On the Elektoblok EBL 4-105, the "PUMPE" fuse is orange coloured, 5 amp and is fifth down the line. Depending upon which model you have, it can't be to much different to yours.
If there is no power at the terminals to the pump, but your test shows that the pump works, then it is either a fuse gone, or a break in the circuit.

HTH,

Jock.

P.S. Is there any particular reason that this is in "Nature Watch", rather than in Tech / Mech Chat? :wink:


----------



## SaddleTramp (Feb 15, 2007)

I used to have an Hymer, It had a pump switch on/off on the display it was worked by pressing the water tank switch then pressing "Ok" this then used to display a Tap at the bottom of the screen and the pump used to work.


----------



## peedee (May 10, 2005)

I've never seen a Hymer Pump on any of my Nature Watches. Sorry couldn't resist it :lol: :lol: 

peedee


----------



## tony5677 (Jul 9, 2007)

Thanks for all your replies.
I dont know why its in Nature watch either.
It just shows that I know as much about putting questions on webb sites as I do about Hymer pumps.
I will take the front passenger seat out in the morning, as the electroblock is under it, to see if I can see any more fuses,
Thanks 
tony


----------



## JockandRita (Jun 1, 2005)

tony5677 said:


> It just shows that I know as much about putting questions on webb sites as I do about Hymer pumps.

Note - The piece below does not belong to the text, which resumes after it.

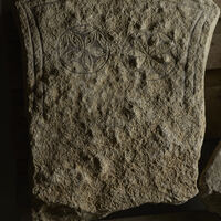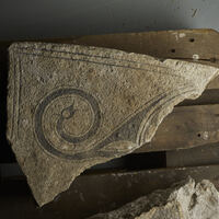 Measurements, Material and Condition A completely intact stele. The surface is quite uneven and it might not have been sanded down at all. In contrast, the sides must have been worked since they look much more even than the root. The root is 0.25 m long, which makes the decorated stele only 0.36 m tall. The circular motifs are created with a comparably deep bas-relief in which the leaves of the rosettes are protruding while the spaces in between (painted in black) have been carved out. These rosettes were not made by compass. HS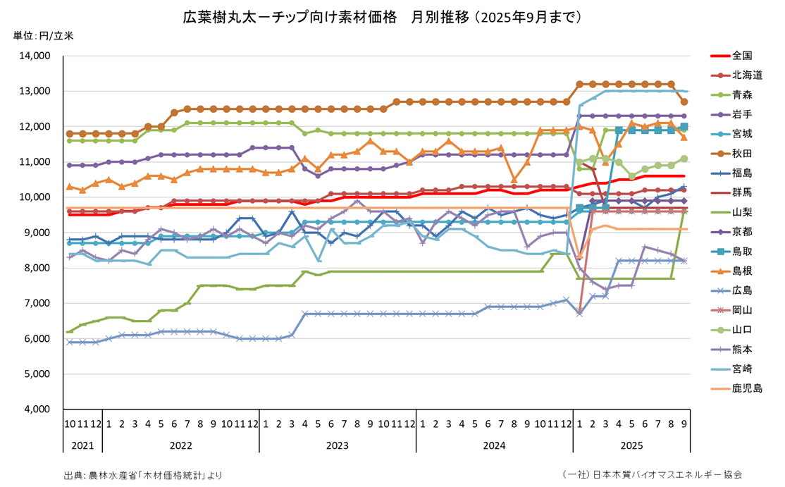 広葉樹丸太─チップ向け素材価格を調査県別に、月別推移でグラフ化したものです。

Don't worry about it Tony. We've all been down that route. :wink:

Remove the passenger seat to gain access to the Elektroblok?? Good grief. A tad inconvenient, or what? 

Hope you get sorted,

Jock.


----------



## SilverF1 (Feb 27, 2009)

I had a similar problem before Christmas. Switches going but no pump. 

Checked fuses etc. then found I'd inadvertently knocked the 12V system off by pressing the switch on the panel above the door...

Worth a check.


----------



## tony5677 (Jul 9, 2007)

Thanks for all the replies,
I have now given up and I am taking it to a caravan/ motorhome repairs
on Monday. 
I have checked every thing. All power both 12v and ehu is on, everything works except the pump.
It is obviously a fuse or a break in the circit,I CANNOT FIND THE FUSE.
Even the wife has looked( you know how we are told that we cannot find 
anything).

If all else fails, if there is no power to the pump circit, I will see if it is possible to connect another live connection to the pump.
The alternative is to just drink and wash in spanish wine for a month.

Thanks.


----------



## JockandRita (Jun 1, 2005)

tony5677 said:


> The alternative is to just drink and wash in spanish wine for a month.
> 
> Thanks.


That's not a bad alternative, especially if forced to drink, and wash in an "oak aged" Tempranillo. :lol:

Jock. :wink:


----------



## tony5677 (Jul 9, 2007)

Thanks to all motorhomers who have replied.
I took the Hymer into "Premier Towing Centre In Tipton West Midlands 0121 520 6858".
Within 15mins they had found the hidden fuse box. There is a panel that clips out from the side of the passenger seat.
The fuse had blown.
Again thanks to all.
I will still try to wash in wine.

Tony.


----------